I also add to my notes page numbers, references, etc. I use a little spiral pad. Then leave it alone for a day or so and look at it again. It's amazing the connections and recollections your mind will perform.

I think you are right that this generation has trouble. I don't think it is brain-frying so much as information overload. You have to focus to go deep. That means ignoring all the shiny objects that want to distract you. Practice at summarizing helps you do this.


----------



## VirginiaHuguenot (Dec 3, 2007)

Speaking generally, I think many of us are influenced by the limited attention span for which our TV-oriented culture is known. We scan headlines quickly without reading the full story and getting in-depth perspectives, get antsy when a worship service lasts more than 60-90 minutes, and rarely engage in the spiritual exercise of meditation which was so highly commended by the Puritans. As Thomas Watson said, "Meditation is chewing the cud." That is, taking time to digest slowly what we have heard in the sermon, read in a book, considered in light of divine revelation, pondered in our private devotion. 

I have spent some time this year studying up on this subject and tried to share some gleanings. This exercise goes against the grain in our culture, but has great benefits in focusing the mind upon a certain subject for spiritual profit. It's hard work. As the character of Eric Liddell said in _Chariots of Fire_: 



> You came to see a race today. To see someone win. It happened to be me. But I want you to do more than just watch a race. I want you to take part in it. I want to compare faith to running in a race. It's hard. It requires *concentration of will*, energy of soul. You experience elation when the winner breaks the tape - especially if you've got a bet on it. But how long does that last? You go home. Maybe you're dinner's burnt. Maybe you haven't got a job. So who am I to say, "Believe, have faith," in the face of life's realities? I would like to give you something more permanent, but I can only point the way. I have no formula for winning the race. Everyone runs in her own way, or his own way....If you commit yourself to the love of Christ, then that is how you run a straight race.
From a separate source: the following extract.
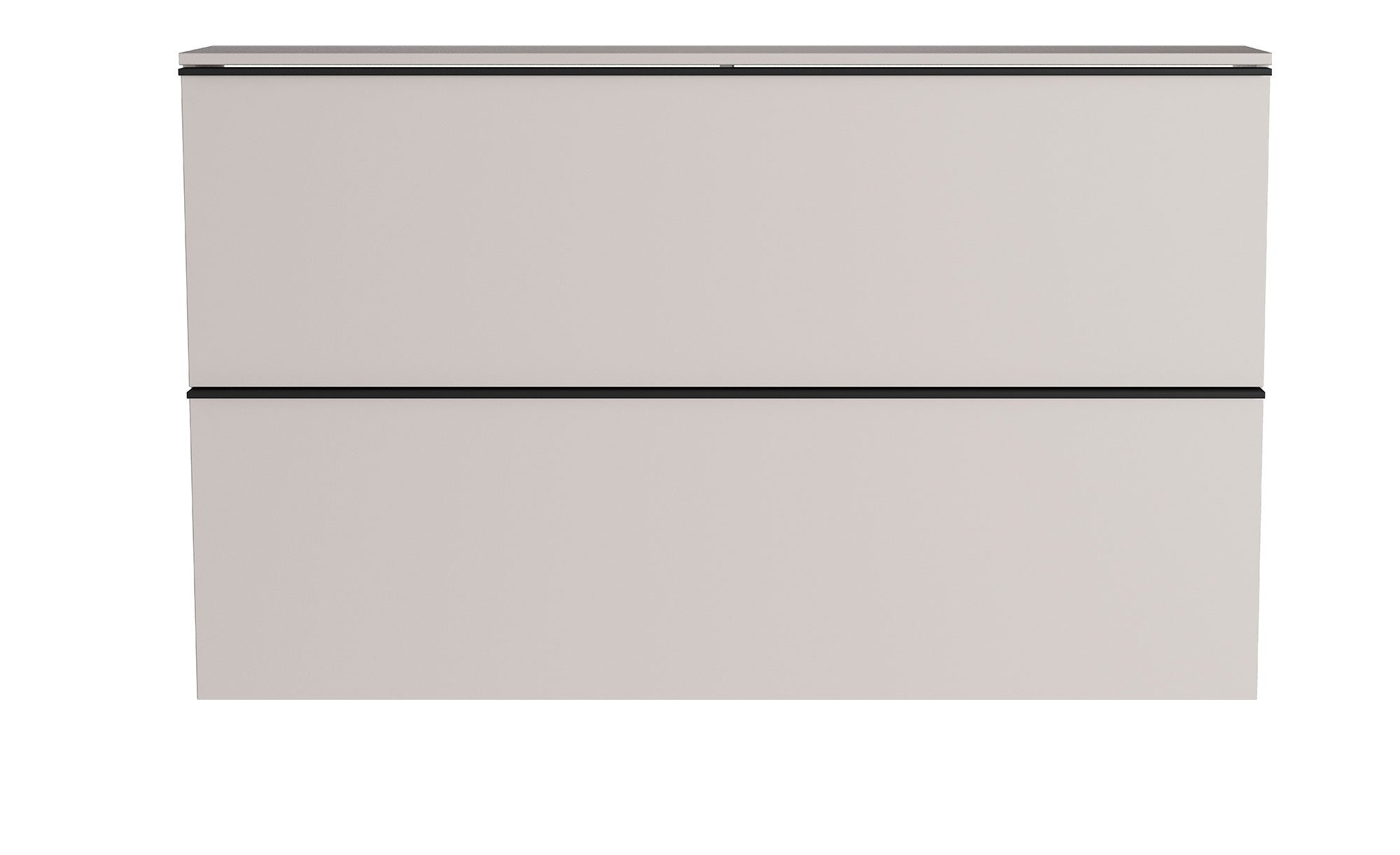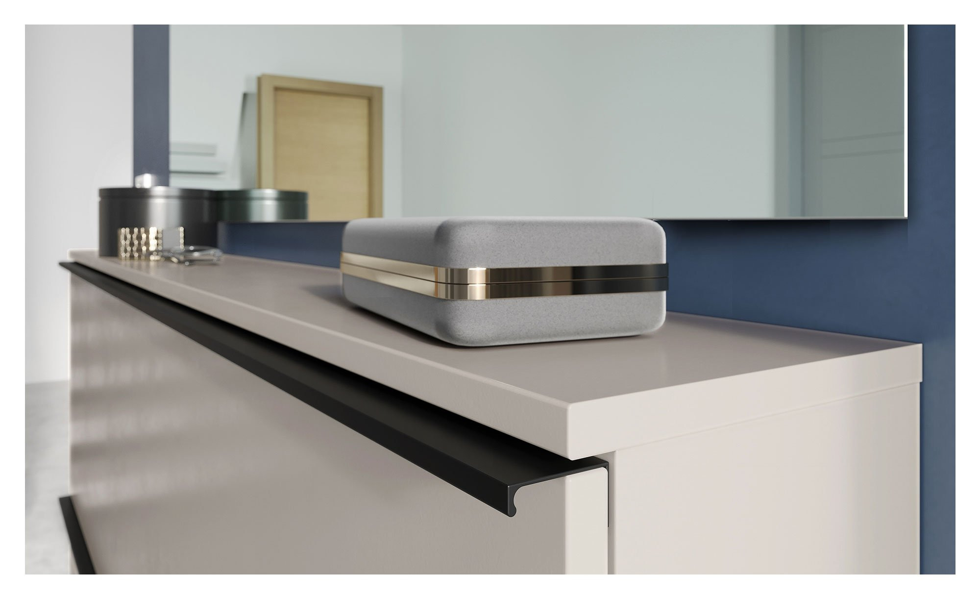 Front und Korpus des ca. 140 x 85 x 19 cm großen Möbelstücks bestehen aus Holzwerkstoff im Farbton Kaschmir und sind durch eine Melaminharzbeschichtung vor Kratzern, Schmutz und allgemeinem Verschleiß geschützt. Zudem wurden hochwertige ABS-Kanten integriert. Durch eine zusätzliche Verspiegelung an der Vorderseite und schwarze Metallgriffe wird der edle Charme unterstrichen.

It may be helpful here to assemble some of the resources I've found on this subject. When engaged in meditation, the skill of concentration is developed and strengthened. I hope these will be useful towards that end. 
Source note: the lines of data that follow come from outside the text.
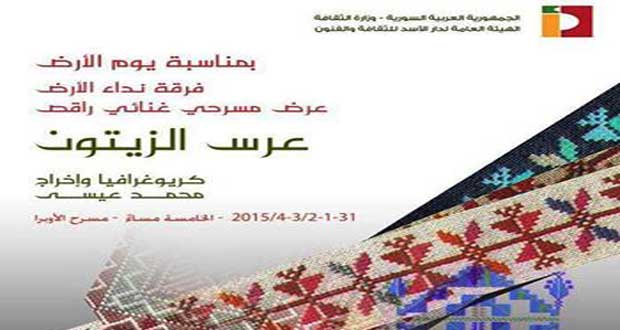 دمشق-سانا بمناسبة يوم الأرض تقدم فرقة نداء الأرض الفلسطينية عرضا مسرحيا غنائيا راقصا بعنوان عرس الزيتون على خشبة مسرح دار الأوبرا عند الساعة الخامسة من مساء أيام الثلاثاء والأربعاء والخميس القادمة. تدور فكرة العمل حول قرية فلسطينية تلتحم فيها أفراح …
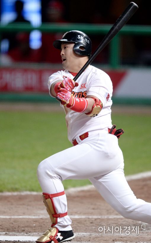 [문학=아시아경제 김현민 기자] 프로야구 두산 베어스와 SK 와이번스의 2016 KBO리그 경기가 11일 인천 문학구장에서 열렸다. 8회말 2사 1,2루에서 SK 정의윤이 1타점 2루타를 치고 있다.
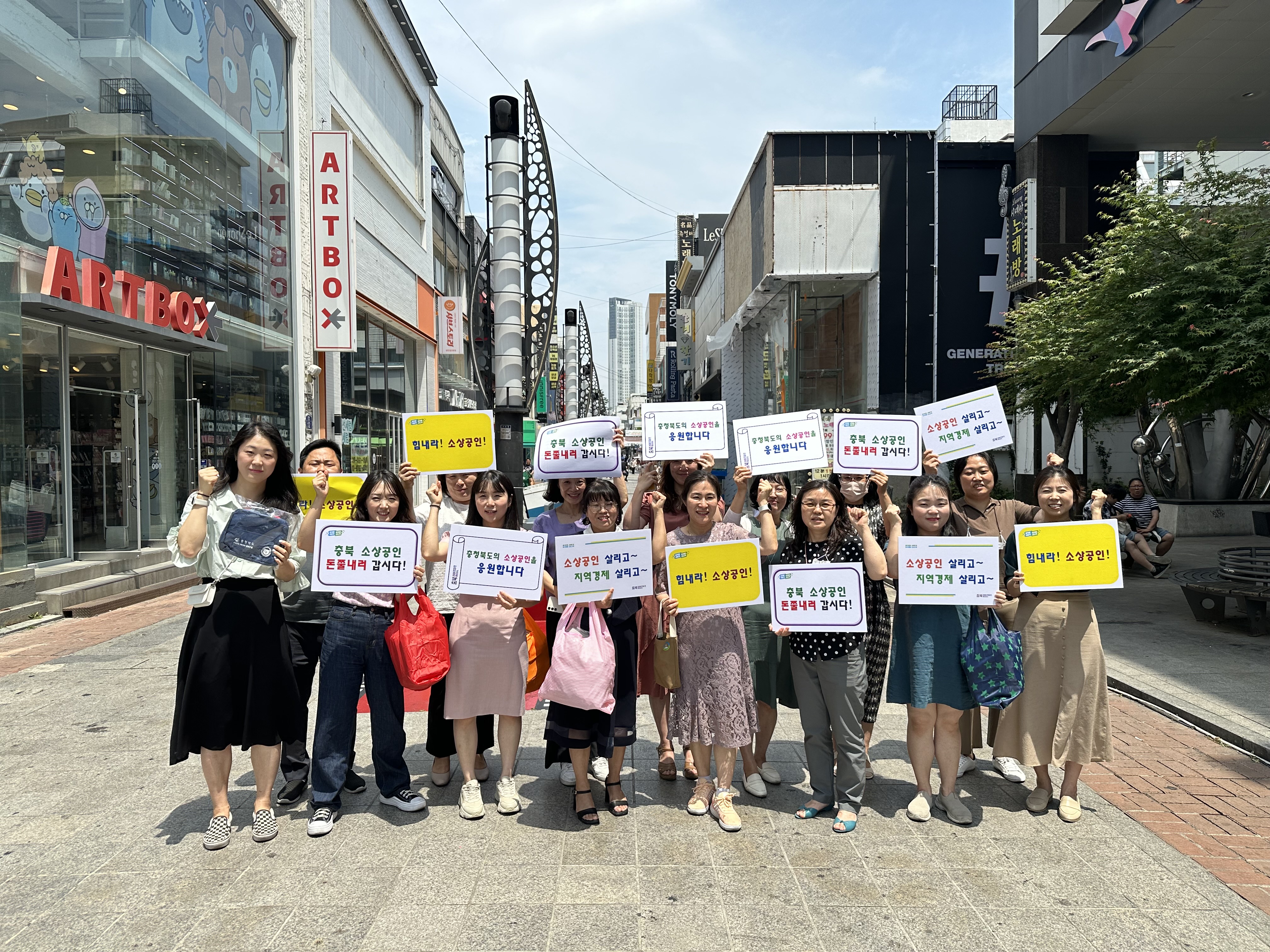 주요 캠페인 내용은 ‘힘내라 소상공인!’, ‘우리동네 가게를 애용합시다!’, ‘충북 소상공인 돈쭐내러 갑시다!’, ‘소상공인 살리고, 지역경제 살리고~’ 등으로 지역 영세 소상공인을 격려했다.
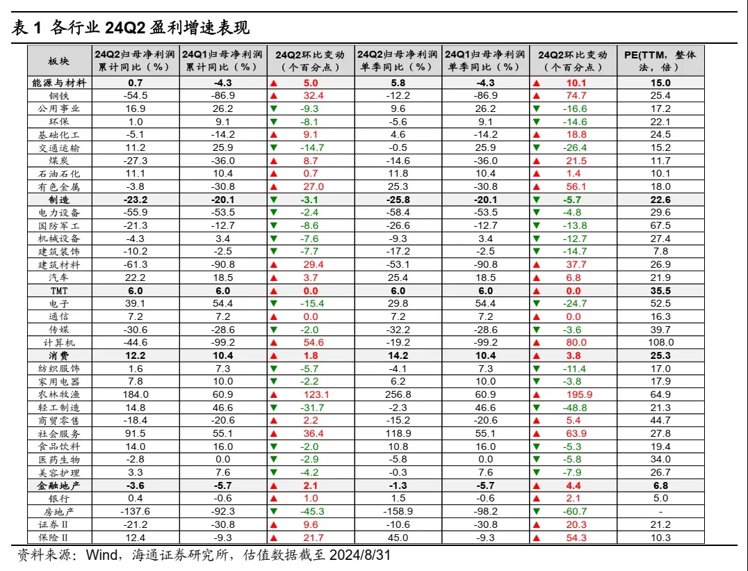 三是消费板块受猪肉猪价、服务消费改善利好盈利得到提振。消费板块整体盈利实现了稳健增长,24Q2/Q1归母净利同比增速为12.2%/10.4%,其中,农林牧渔、社会服务对盈利回升贡献较大。具体而言,农林牧渔方面,板块主要受益于猪价回升,今年上半年猪肉平均批发价格上涨18%,推动农林牧渔板块24Q2/Q1归母净利同比增速为184.0%/60.9%,24Q2贡献了全A盈利增长的0.7个百分点。社服板块方面,今年1-7月社会消费品零售中餐饮收入累计同比为7.1%,高于整体增速的3.5%,服务消费复苏更快推动社服板块盈利改善,24Q2/Q1社会服务归母净利累计同比增速为91.5%/55.1%,24Q2贡献了全A盈利增长的0.1个百分点。
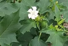 白花曼陀罗是白花曼陀罗属植物,一年生草本植物,全株近于无毛。茎直立,圆柱形,高30~100cm,基部木质化,上部呈义状分枝。叶互生,上部的叶近于对生;叶柄长2~6cm,…全部>>
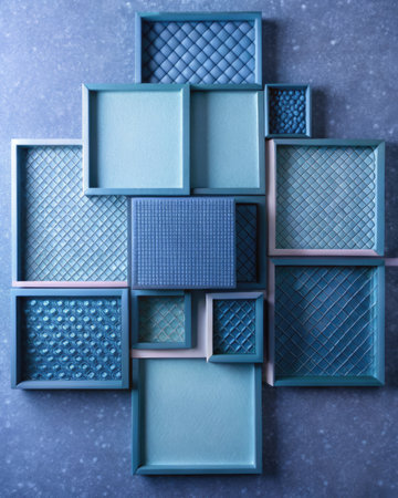 Abstract geometric wall art with various blue panels.
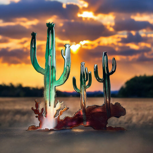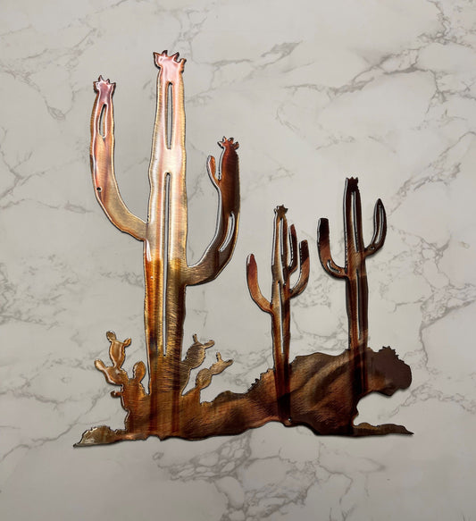 Arizona Cactus Trio Metal Wall Art Copper and Green Tinged
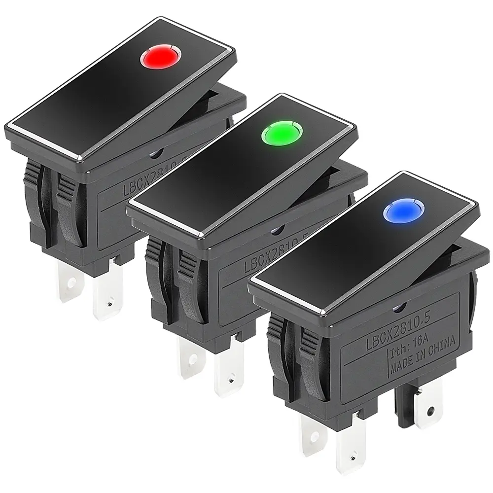 This IP65 waterproof 2NO 4-pin square 16A LED metal rocker switch features an easy-to-install safety catch and sturdy silver-plated pins.
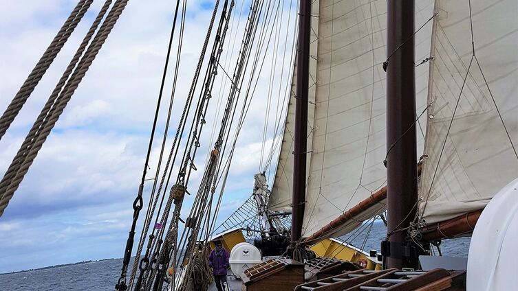 Nach dem Abschlussfeuerwerk der Kieler Woche und einer ersten gemeinsamen Nacht an Bord in Kiel, ging es am nächsten Tag los Richtung Norden. Früh am Morgen wurden unter Anleitung der holländisch-schottischen Crew die Segel gesetzt und Laboe hinter sich gelassen. Trotz starkem Wellengang und ordentlich Wind in den Segeln, wurde das erste Tagesthema erarbeitet: Zusammenhänge und Wechselwirkungen des Klimawandels - Wie funktioniert der Treibhauseffekt und warum gerät das Klima aus den Fugen? Nach einigen Stunden segeln und spannenden Gesprächen erreichte die Gruppe abends ihr erstes Etappenziel: Sonderburg.
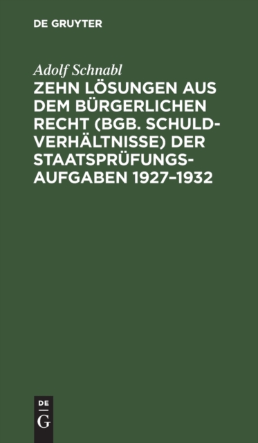 TITLE: Zehn Losungen Aus Dem Burgerlichen Recht (Bgb. Schuldverhaltnisse) Der Staatsprufungs-Aufgaben 1927-1932 : Nebst Anleitung

"Beating a Path to Heaven": English Puritan Meditation in the Seventeenth Century

Joel Beeke, The Puritan Practice of Meditation

Nathanael Ranew, _Solitude Improved by Divine Meditation_

Cornelis Pronk, _The Art of Meditation_

Wilhelmus a'Brakel

John Brown of Haddington

James Janeway

Oliver Heywood

Richard Greenham

Robert Bolton

George Swinnock

Thomas Watson

Joseph Hall

William Fenner

William Bates


----------



## VictorBravo (Dec 3, 2007)

Let me add one more thing that really works. Read a page, then lecture to the wall what it means. Pretend that you are teaching a class about that little subject. Really do it, speak out loud. You will find yourself identifying what you don't know, and you can't help but go back to the page to see what the answer is. Pretty soon you are more interested in what you are studying than anything else.


----------



## JBaldwin (Dec 3, 2007)

Poor nutrition (bad eating habits), lack of sleep, and lack of exercise can also greatly affect focus and concentration.


----------



## Davidius (Dec 3, 2007)

Ruben: I have let classical music play in the background while studying in the past, but I never took the time to examine whether I could notice a difference in my productivity. Is this something you tend to do?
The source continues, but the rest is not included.